→ **YOUR INSTRUCTIONS**
Copy, word for word, the line containing "Khi ông Trump" and each line that follows it in the entries below; pictures do not belong in the copy.

───── DATA SHOWN

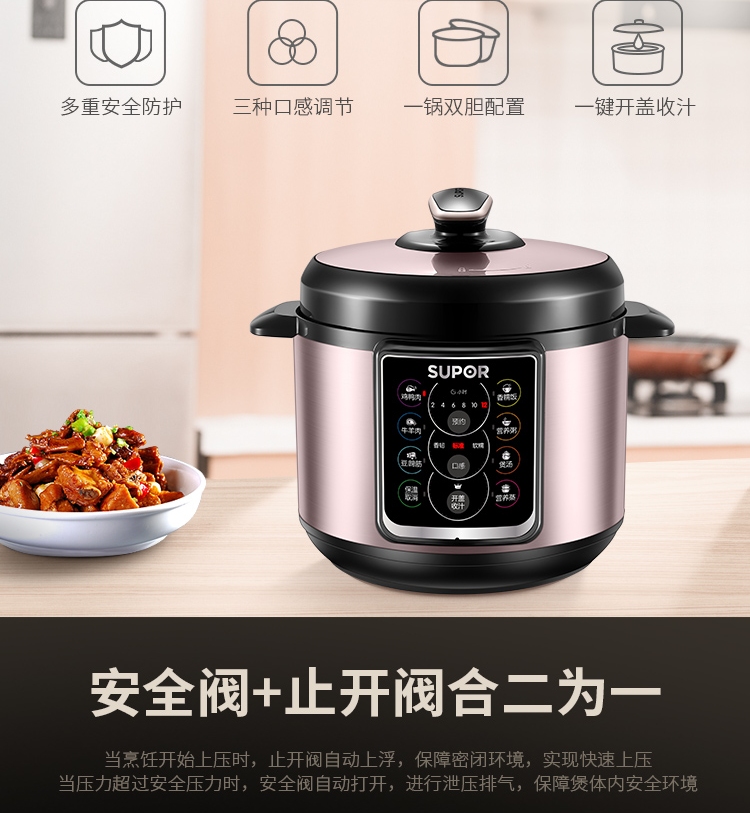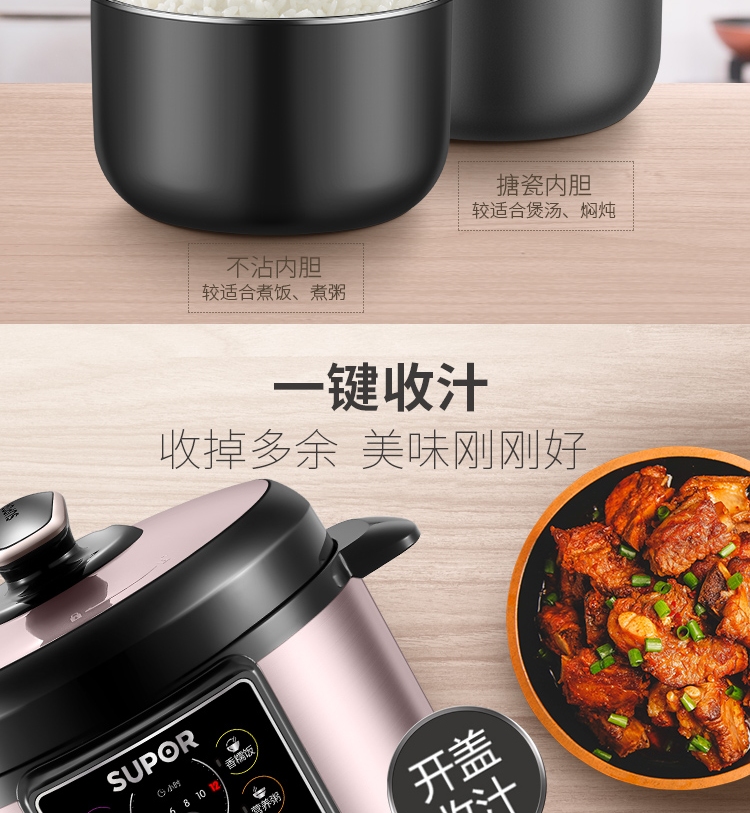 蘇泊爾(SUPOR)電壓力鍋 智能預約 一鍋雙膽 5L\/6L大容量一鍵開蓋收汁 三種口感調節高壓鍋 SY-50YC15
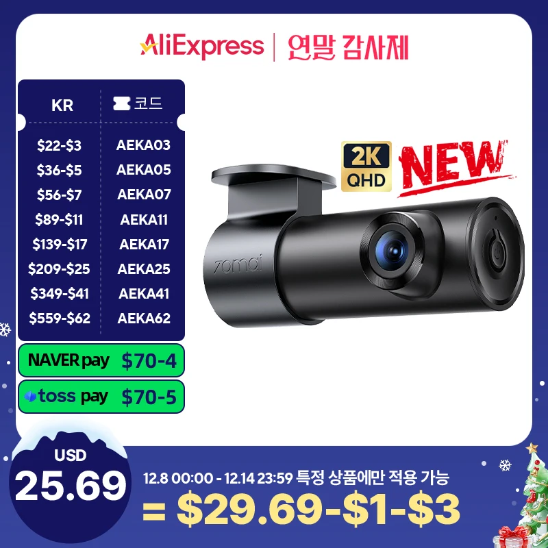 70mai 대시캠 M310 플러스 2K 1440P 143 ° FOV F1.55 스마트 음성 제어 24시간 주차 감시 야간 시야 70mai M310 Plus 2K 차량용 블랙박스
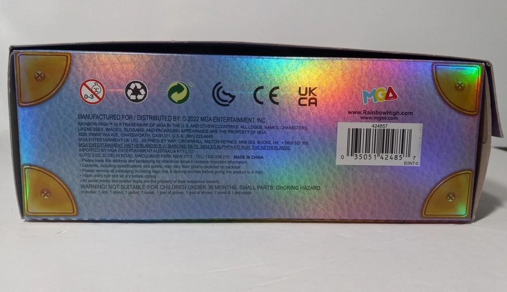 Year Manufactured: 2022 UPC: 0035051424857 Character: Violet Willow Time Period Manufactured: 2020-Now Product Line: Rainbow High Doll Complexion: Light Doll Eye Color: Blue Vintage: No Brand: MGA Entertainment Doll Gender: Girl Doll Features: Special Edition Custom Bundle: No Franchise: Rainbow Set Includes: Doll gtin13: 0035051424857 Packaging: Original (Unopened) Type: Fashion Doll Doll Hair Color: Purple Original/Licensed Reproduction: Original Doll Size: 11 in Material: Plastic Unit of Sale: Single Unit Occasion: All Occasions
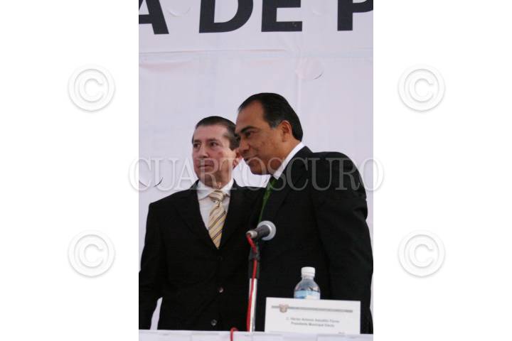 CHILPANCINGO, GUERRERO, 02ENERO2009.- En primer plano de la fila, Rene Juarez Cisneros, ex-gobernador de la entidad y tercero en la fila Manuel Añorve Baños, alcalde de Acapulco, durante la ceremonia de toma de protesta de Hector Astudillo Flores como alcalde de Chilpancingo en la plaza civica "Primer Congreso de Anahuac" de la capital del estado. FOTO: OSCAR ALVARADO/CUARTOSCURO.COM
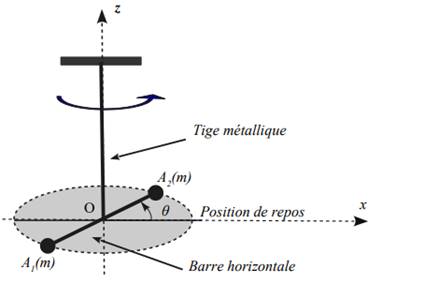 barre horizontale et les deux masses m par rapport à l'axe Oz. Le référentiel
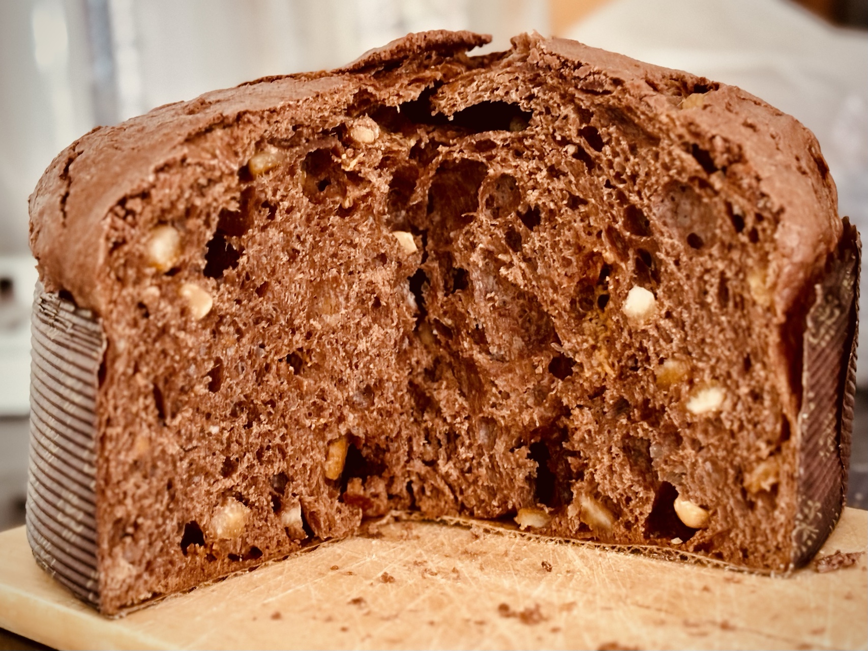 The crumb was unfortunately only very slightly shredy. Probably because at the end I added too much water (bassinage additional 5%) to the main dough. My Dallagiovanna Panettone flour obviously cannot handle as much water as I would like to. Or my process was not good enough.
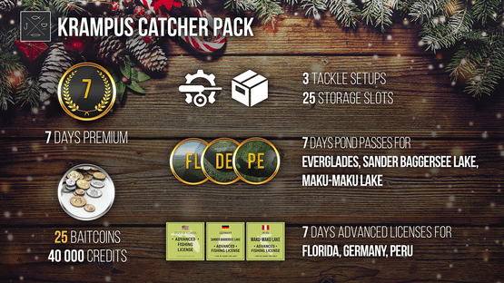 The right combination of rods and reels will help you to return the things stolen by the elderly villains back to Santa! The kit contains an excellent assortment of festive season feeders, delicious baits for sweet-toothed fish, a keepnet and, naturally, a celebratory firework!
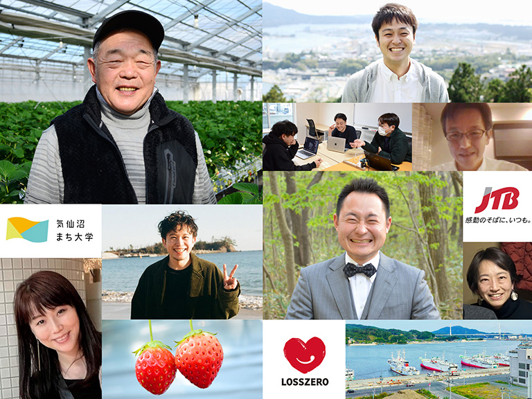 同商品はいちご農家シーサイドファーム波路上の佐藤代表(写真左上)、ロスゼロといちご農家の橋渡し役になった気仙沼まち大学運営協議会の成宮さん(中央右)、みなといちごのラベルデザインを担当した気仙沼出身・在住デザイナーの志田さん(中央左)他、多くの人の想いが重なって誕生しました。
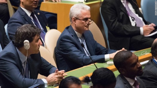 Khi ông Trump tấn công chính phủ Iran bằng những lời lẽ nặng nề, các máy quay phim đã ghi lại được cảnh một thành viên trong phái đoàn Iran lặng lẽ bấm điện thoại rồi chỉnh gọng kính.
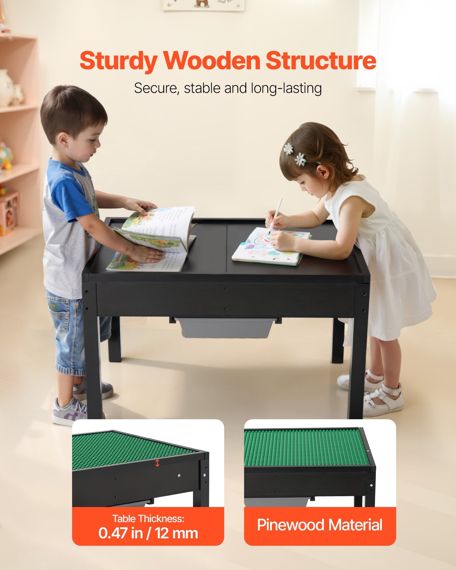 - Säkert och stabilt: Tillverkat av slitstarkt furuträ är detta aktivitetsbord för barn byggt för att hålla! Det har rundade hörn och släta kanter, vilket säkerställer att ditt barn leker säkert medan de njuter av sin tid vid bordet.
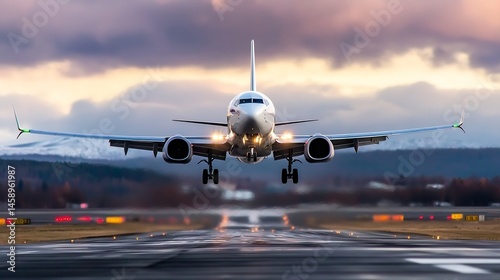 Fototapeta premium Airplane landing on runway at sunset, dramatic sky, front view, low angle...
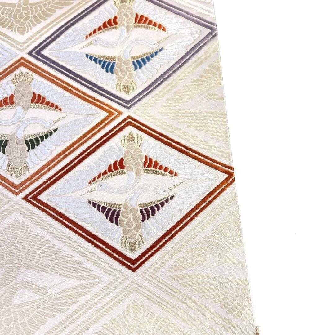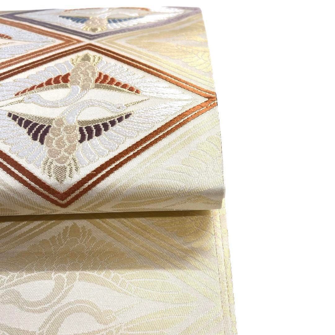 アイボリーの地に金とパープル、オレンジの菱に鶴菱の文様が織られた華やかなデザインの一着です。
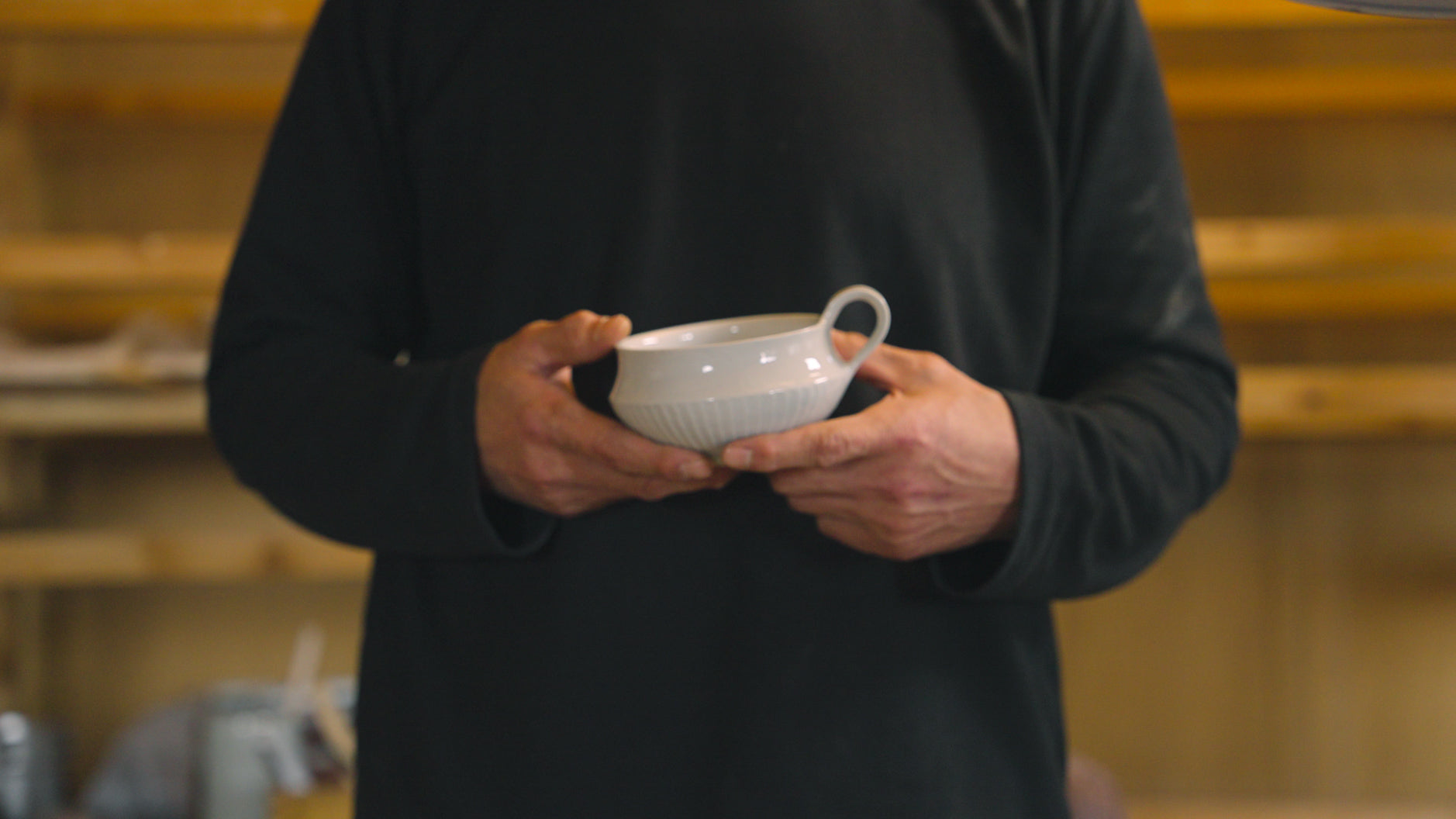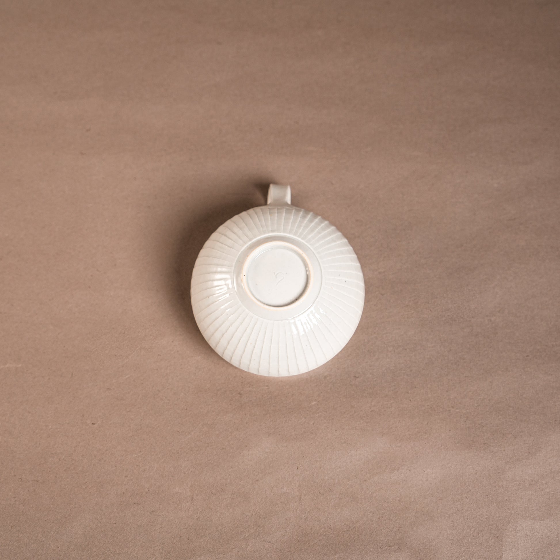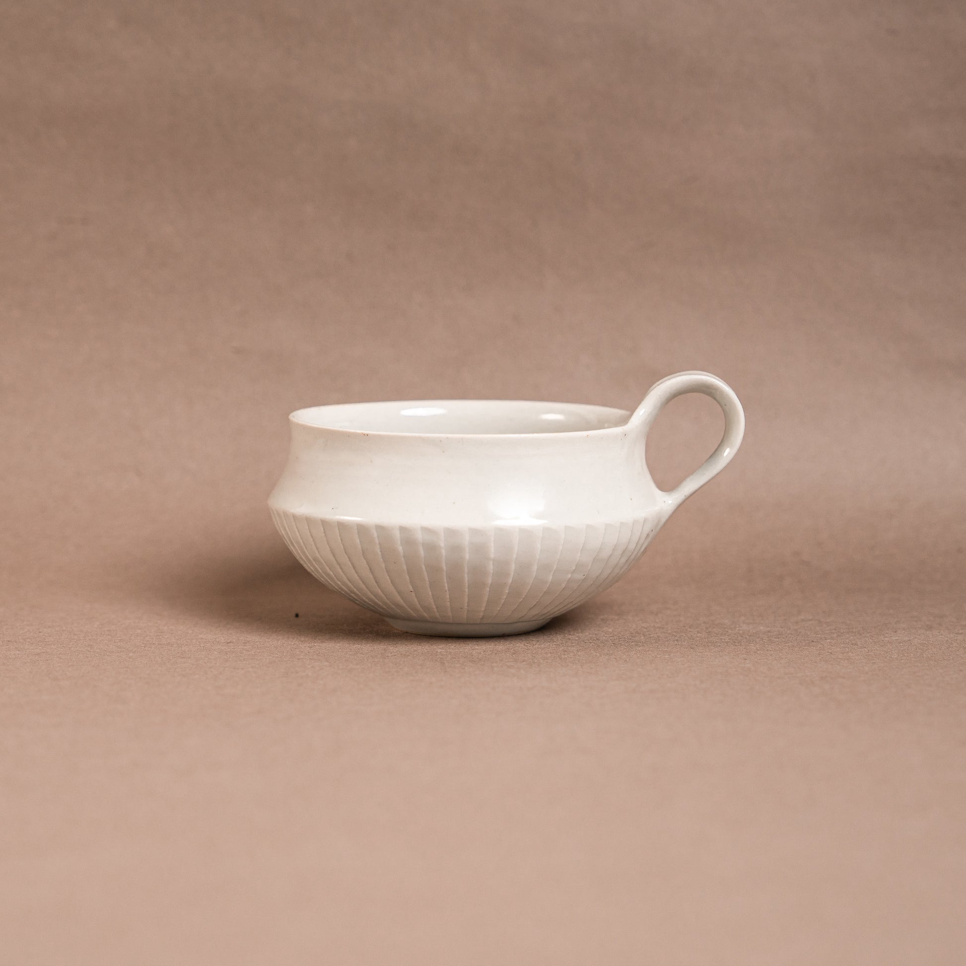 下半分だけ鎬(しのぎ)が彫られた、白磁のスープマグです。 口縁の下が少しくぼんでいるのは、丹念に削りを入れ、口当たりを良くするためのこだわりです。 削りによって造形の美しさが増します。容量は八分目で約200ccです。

──────────

→ **PROBLEM SOLUTION**
 Khi ông Trump tấn công chính phủ Iran bằng những lời lẽ nặng nề, các máy quay phim đã ghi lại được cảnh một thành viên trong phái đoàn Iran lặng lẽ bấm điện thoại rồi chỉnh gọng kính.
 - Säkert och stabilt: Tillverkat av slitstarkt furuträ är detta aktivitetsbord för barn byggt för att hålla! Det har rundade hörn och släta kanter, vilket säkerställer att ditt barn leker säkert medan de njuter av sin tid vid bordet.
 Fototapeta premium Airplane landing on runway at sunset, dramatic sky, front view, low angle...
 アイボリーの地に金とパープル、オレンジの菱に鶴菱の文様が織られた華やかなデザインの一着です。
 下半分だけ鎬(しのぎ)が彫られた、白磁のスープマグです。 口縁の下が少しくぼんでいるのは、丹念に削りを入れ、口当たりを良くするためのこだわりです。 削りによって造形の美しさが増します。容量は八分目で約200ccです。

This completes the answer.